_YOUR INSTRUCTIONS_
Although the entries contain pictures, copy only their text, exactly as written.
(RECORDS FOR PROCESSING begins)
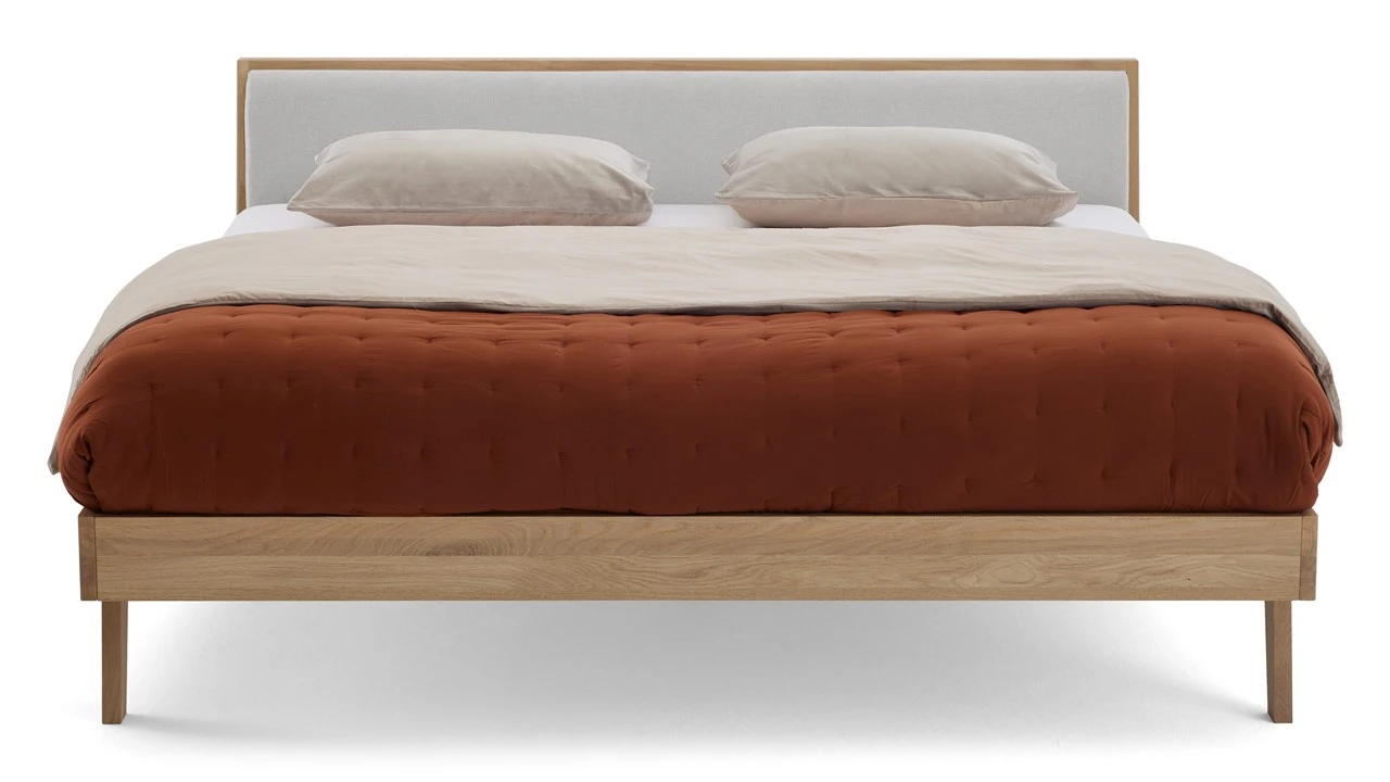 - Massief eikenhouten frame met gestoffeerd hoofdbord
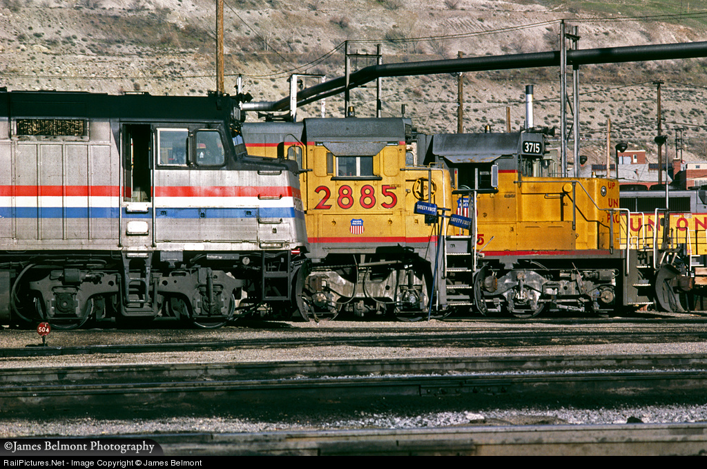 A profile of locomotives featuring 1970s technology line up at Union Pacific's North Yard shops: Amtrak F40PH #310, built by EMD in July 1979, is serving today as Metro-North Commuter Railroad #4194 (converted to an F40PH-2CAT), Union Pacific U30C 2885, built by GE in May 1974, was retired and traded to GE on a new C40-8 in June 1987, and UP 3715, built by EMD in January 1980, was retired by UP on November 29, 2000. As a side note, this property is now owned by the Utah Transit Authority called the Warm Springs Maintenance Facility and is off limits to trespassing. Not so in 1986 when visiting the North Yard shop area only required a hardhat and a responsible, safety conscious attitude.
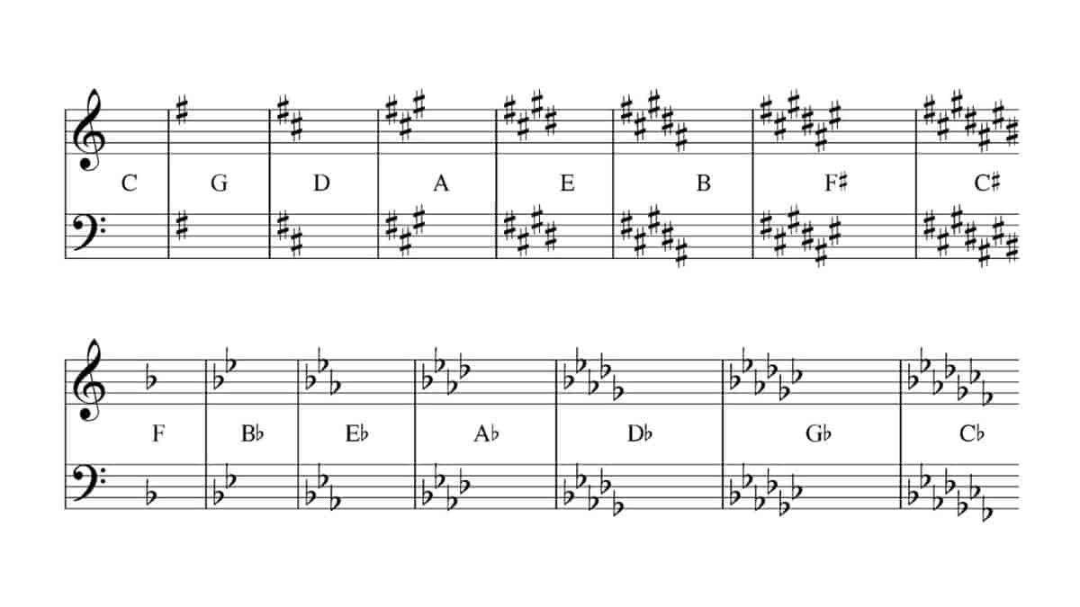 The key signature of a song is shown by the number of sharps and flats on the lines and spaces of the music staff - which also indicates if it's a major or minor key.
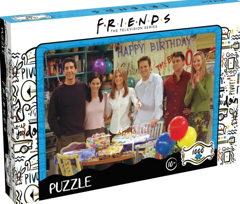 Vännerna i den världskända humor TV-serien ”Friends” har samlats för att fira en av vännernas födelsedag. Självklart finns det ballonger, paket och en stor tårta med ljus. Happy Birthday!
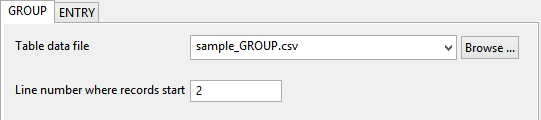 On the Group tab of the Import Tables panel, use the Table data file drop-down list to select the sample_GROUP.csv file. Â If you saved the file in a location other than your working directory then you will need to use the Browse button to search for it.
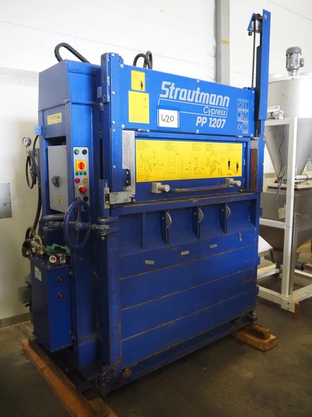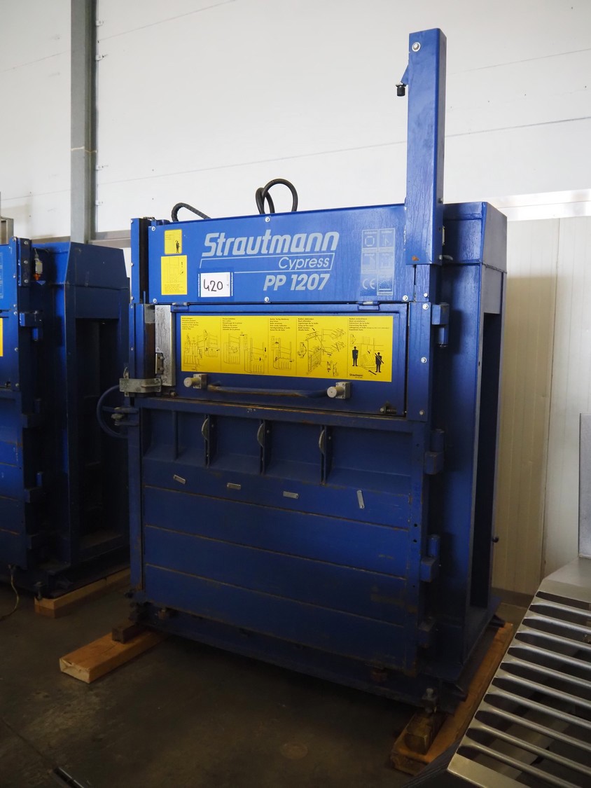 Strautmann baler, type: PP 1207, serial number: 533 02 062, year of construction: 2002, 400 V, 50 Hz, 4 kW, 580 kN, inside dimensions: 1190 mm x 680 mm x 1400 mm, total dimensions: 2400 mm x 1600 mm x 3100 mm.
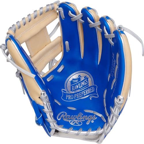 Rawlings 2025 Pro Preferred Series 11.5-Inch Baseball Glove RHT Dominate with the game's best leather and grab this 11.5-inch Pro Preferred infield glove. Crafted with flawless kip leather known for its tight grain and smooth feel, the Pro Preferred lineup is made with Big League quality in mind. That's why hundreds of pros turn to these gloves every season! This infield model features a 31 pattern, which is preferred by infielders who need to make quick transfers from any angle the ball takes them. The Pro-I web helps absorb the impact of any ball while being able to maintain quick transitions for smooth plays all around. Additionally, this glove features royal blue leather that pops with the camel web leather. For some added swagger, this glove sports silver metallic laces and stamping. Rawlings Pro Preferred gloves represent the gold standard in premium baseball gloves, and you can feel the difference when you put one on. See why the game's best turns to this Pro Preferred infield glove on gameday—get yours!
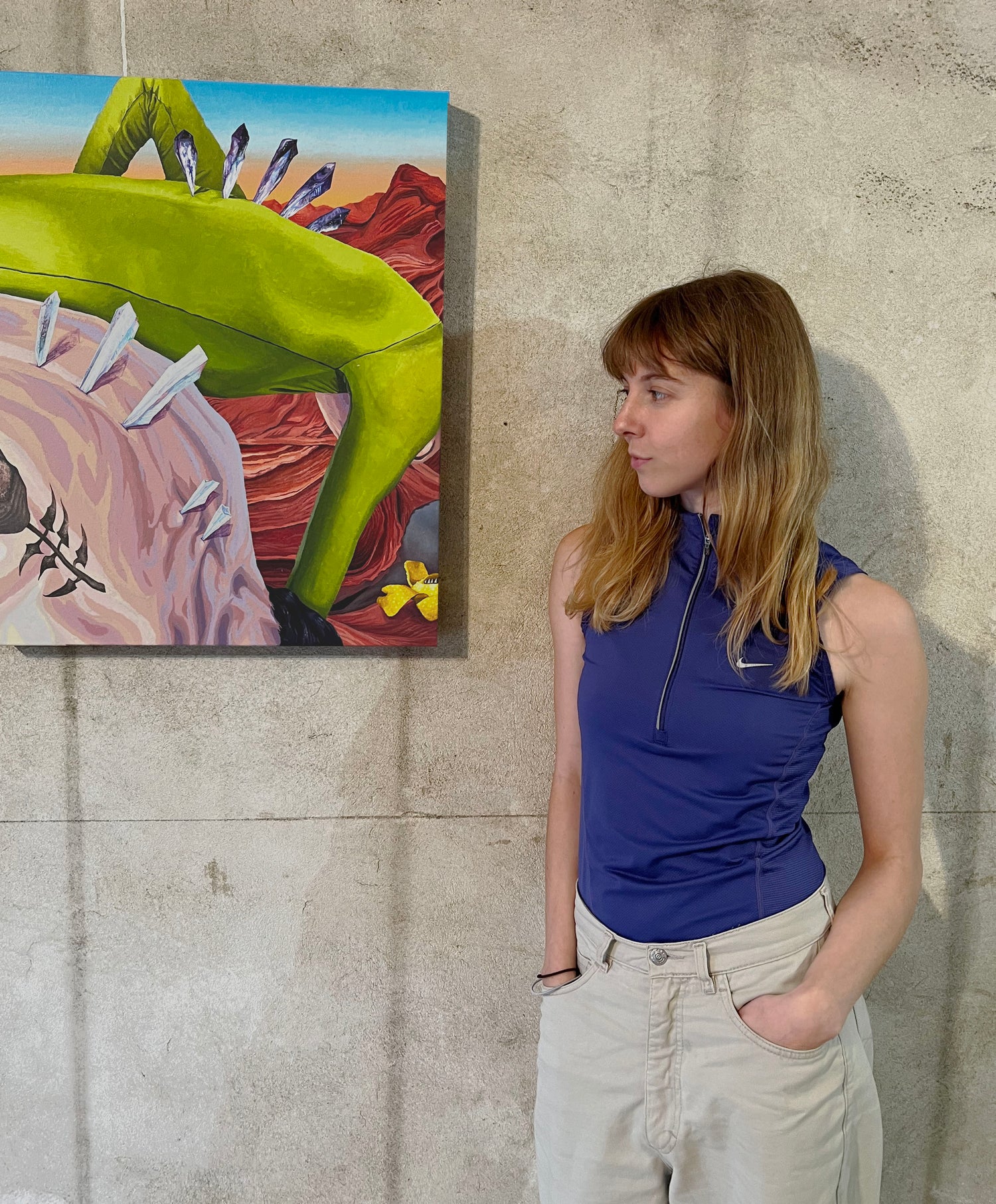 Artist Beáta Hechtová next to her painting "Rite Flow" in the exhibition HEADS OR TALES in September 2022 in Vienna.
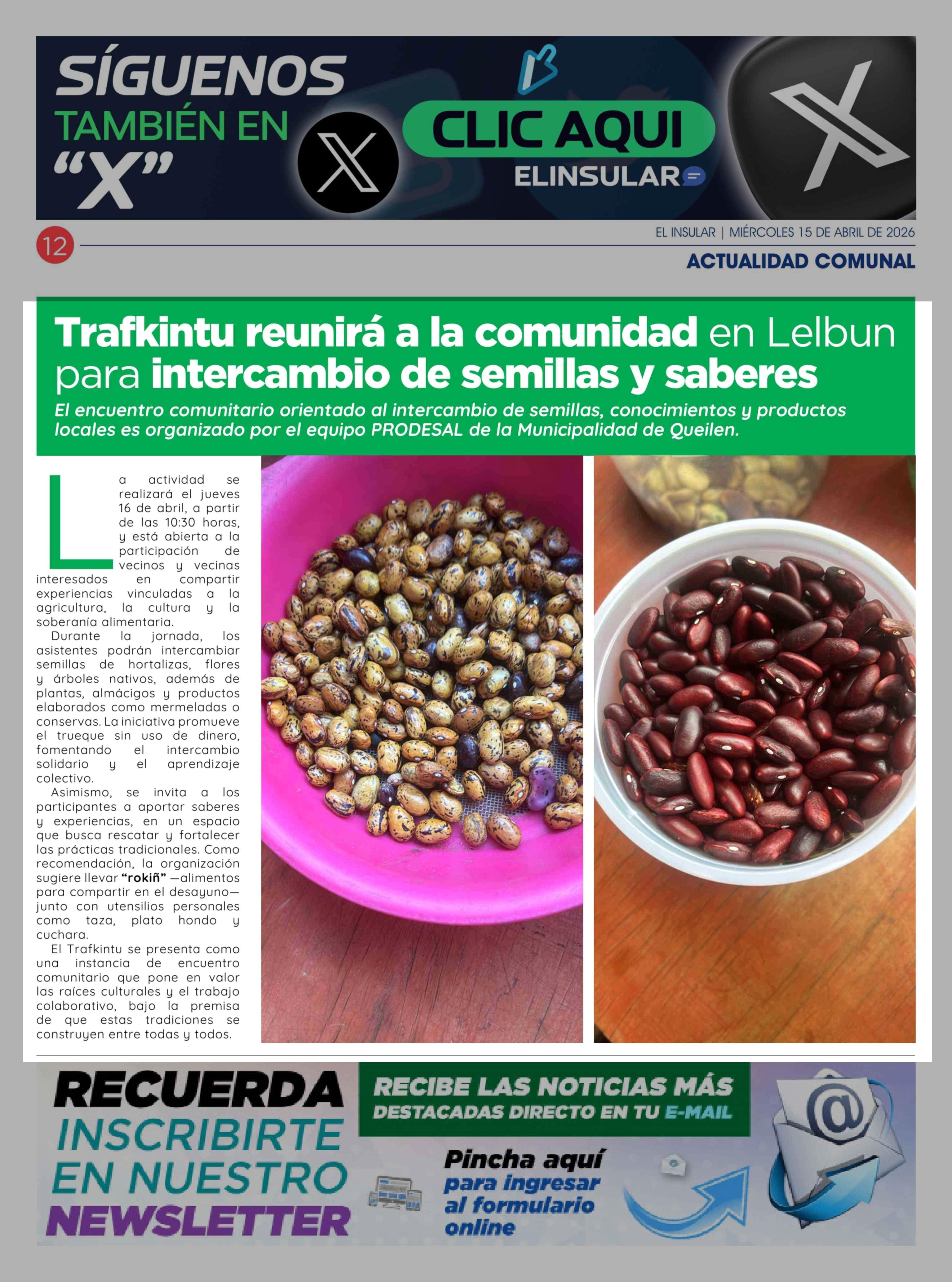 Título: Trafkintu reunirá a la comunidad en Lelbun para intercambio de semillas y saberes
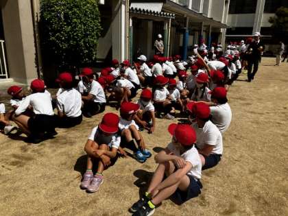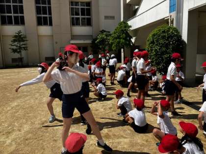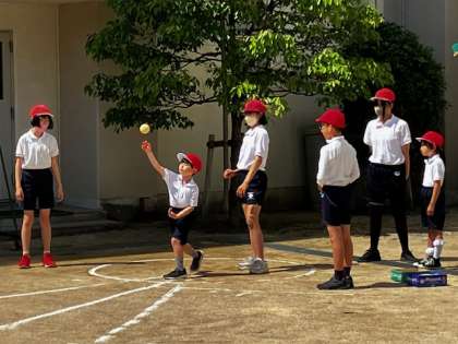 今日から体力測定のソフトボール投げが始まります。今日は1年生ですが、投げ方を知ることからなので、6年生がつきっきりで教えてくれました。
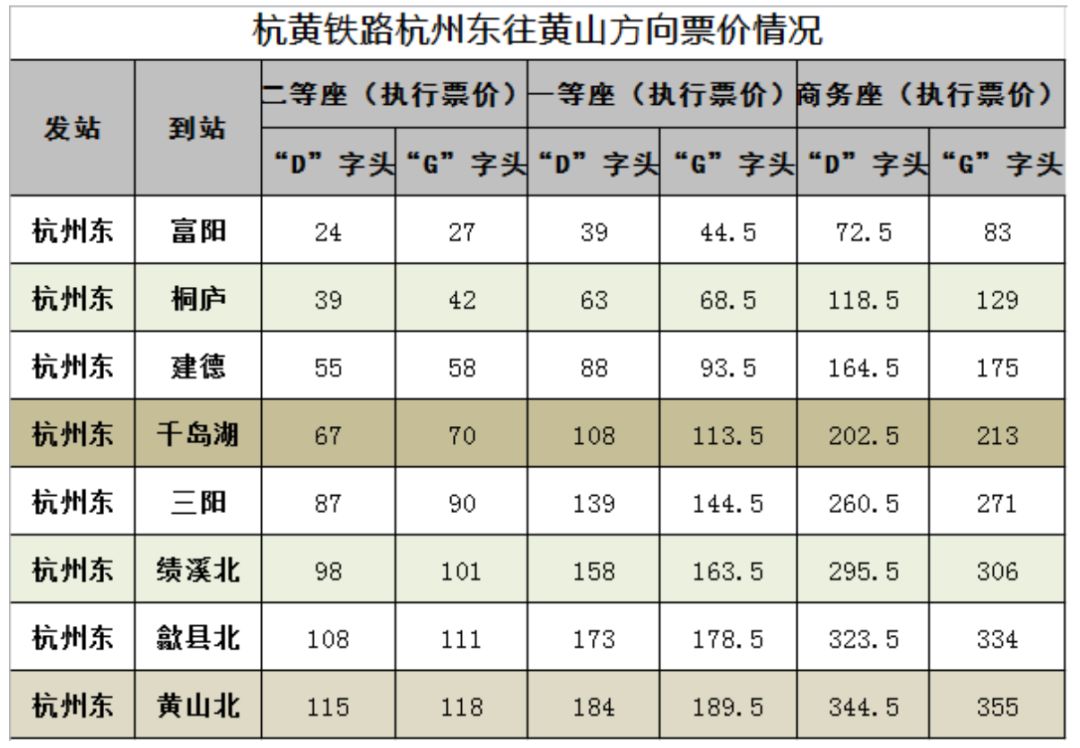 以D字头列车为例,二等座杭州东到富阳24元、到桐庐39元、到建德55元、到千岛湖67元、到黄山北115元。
(RECORDS FOR PROCESSING ends)
_PROBLEM SOLUTION_
 - Massief eikenhouten frame met gestoffeerd hoofdbord
 A profile of locomotives featuring 1970s technology line up at Union Pacific's North Yard shops: Amtrak F40PH #310, built by EMD in July 1979, is serving today as Metro-North Commuter Railroad #4194 (converted to an F40PH-2CAT), Union Pacific U30C 2885, built by GE in May 1974, was retired and traded to GE on a new C40-8 in June 1987, and UP 3715, built by EMD in January 1980, was retired by UP on November 29, 2000. As a side note, this property is now owned by the Utah Transit Authority called the Warm Springs Maintenance Facility and is off limits to trespassing. Not so in 1986 when visiting the North Yard shop area only required a hardhat and a responsible, safety conscious attitude.
 The key signature of a song is shown by the number of sharps and flats on the lines and spaces of the music staff - which also indicates if it's a major or minor key.
 Vännerna i den världskända humor TV-serien ”Friends” har samlats för att fira en av vännernas födelsedag. Självklart finns det ballonger, paket och en stor tårta med ljus. Happy Birthday!
 On the Group tab of the Import Tables panel, use the Table data file drop-down list to select the sample_GROUP.csv file. Â If you saved the file in a location other than your working directory then you will need to use the Browse button to search for it.
 Strautmann baler, type: PP 1207, serial number: 533 02 062, year of construction: 2002, 400 V, 50 Hz, 4 kW, 580 kN, inside dimensions: 1190 mm x 680 mm x 1400 mm, total dimensions: 2400 mm x 1600 mm x 3100 mm.
 Rawlings 2025 Pro Preferred Series 11.5-Inch Baseball Glove RHT Dominate with the game's best leather and grab this 11.5-inch Pro Preferred infield glove. Crafted with flawless kip leather known for its tight grain and smooth feel, the Pro Preferred lineup is made with Big League quality in mind. That's why hundreds of pros turn to these gloves every season! This infield model features a 31 pattern, which is preferred by infielders who need to make quick transfers from any angle the ball takes them. The Pro-I web helps absorb the impact of any ball while being able to maintain quick transitions for smooth plays all around. Additionally, this glove features royal blue leather that pops with the camel web leather. For some added swagger, this glove sports silver metallic laces and stamping. Rawlings Pro Preferred gloves represent the gold standard in premium baseball gloves, and you can feel the difference when you put one on. See why the game's best turns to this Pro Preferred infield glove on gameday—get yours!
 Artist Beáta Hechtová next to her painting "Rite Flow" in the exhibition HEADS OR TALES in September 2022 in Vienna.
 Título: Trafkintu reunirá a la comunidad en Lelbun para intercambio de semillas y saberes
 今日から体力測定のソフトボール投げが始まります。今日は1年生ですが、投げ方を知ることからなので、6年生がつきっきりで教えてくれました。
 以D字头列车为例,二等座杭州东到富阳24元、到桐庐39元、到建德55元、到千岛湖67元、到黄山北115元。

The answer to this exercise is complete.